Ce serait d’ailleurs très intéressant que les amis opposants (tes) à la corrida nous donnent leur point de vue  . Very Happy


Perso j’ai assisté à plusieurs corridas dans une autre vie, de mémoire au moins une dans les arènes de Nîmes et une autre à la plazza de Toro de Valencia en Espagne.  Et ça à Valencia c’était quelque chose à voir, les aficionados étaient chauds comme de la braise, et il y a même eu une bagarre à moment donné parce que d’après ce que j’ai compris, les avis divergeaient sur la qualité du Toréador et ils se sont castagnés pour ça !

Il vaut rien !
Il est fabuleux !

Et en avant guingang ![Vous devez être inscrit et connecté pour voir cette image]

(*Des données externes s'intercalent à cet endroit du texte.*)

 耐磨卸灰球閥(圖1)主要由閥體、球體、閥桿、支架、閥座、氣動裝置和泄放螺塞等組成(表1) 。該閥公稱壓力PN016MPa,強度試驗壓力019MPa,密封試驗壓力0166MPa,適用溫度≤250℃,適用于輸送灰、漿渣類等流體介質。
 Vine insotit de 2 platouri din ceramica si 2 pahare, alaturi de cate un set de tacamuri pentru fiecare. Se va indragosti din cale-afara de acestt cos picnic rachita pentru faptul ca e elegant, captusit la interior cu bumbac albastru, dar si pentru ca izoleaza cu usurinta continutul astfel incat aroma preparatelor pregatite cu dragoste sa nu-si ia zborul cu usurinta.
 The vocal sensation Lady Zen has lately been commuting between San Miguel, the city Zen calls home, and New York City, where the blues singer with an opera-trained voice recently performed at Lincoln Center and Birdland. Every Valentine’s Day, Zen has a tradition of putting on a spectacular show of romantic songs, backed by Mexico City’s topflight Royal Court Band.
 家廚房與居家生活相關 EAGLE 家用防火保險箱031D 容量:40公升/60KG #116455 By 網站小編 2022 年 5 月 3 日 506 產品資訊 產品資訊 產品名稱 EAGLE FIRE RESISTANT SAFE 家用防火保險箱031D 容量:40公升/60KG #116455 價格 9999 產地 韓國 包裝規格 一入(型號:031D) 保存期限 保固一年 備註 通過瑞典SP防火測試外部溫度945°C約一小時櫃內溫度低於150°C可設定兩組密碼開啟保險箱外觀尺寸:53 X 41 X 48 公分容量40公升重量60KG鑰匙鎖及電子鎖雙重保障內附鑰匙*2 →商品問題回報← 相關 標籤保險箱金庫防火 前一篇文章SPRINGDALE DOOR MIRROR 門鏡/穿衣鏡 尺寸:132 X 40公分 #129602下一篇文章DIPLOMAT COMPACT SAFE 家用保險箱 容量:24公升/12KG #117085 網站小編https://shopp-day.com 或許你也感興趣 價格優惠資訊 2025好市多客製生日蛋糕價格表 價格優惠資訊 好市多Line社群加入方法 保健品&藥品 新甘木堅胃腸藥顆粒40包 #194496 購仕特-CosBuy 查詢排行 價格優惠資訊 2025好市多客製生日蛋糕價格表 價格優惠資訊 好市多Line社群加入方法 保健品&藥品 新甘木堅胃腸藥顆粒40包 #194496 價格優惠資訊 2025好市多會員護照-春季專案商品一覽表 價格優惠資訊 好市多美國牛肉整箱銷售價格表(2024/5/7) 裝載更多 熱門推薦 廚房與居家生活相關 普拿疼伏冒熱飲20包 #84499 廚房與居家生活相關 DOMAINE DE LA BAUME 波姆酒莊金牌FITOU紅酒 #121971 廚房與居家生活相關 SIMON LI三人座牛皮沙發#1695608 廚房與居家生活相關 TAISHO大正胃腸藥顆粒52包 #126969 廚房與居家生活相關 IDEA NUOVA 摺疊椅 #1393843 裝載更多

Mon avis : bon perso je n’aime pas ça , parce que la mise à mort et surtout ce qu’on faisait subir au Toro avant, notamment l’épreuve des banderilles, me mettaient mal à l’aise. Voilà je ne suis pas fan du tout.  

Mais franchement, je ne regrette pas d’avoir vu la corrida à cette plazza de Toro de Valencia, parce que pour la ferveur et l’ambiance c’est un spectacle à voir dans sa vie. Tout comme quelqu’un qui n’aime pas le football irait voir un match à Barcelone au Camp Neu ou bien à Manchester .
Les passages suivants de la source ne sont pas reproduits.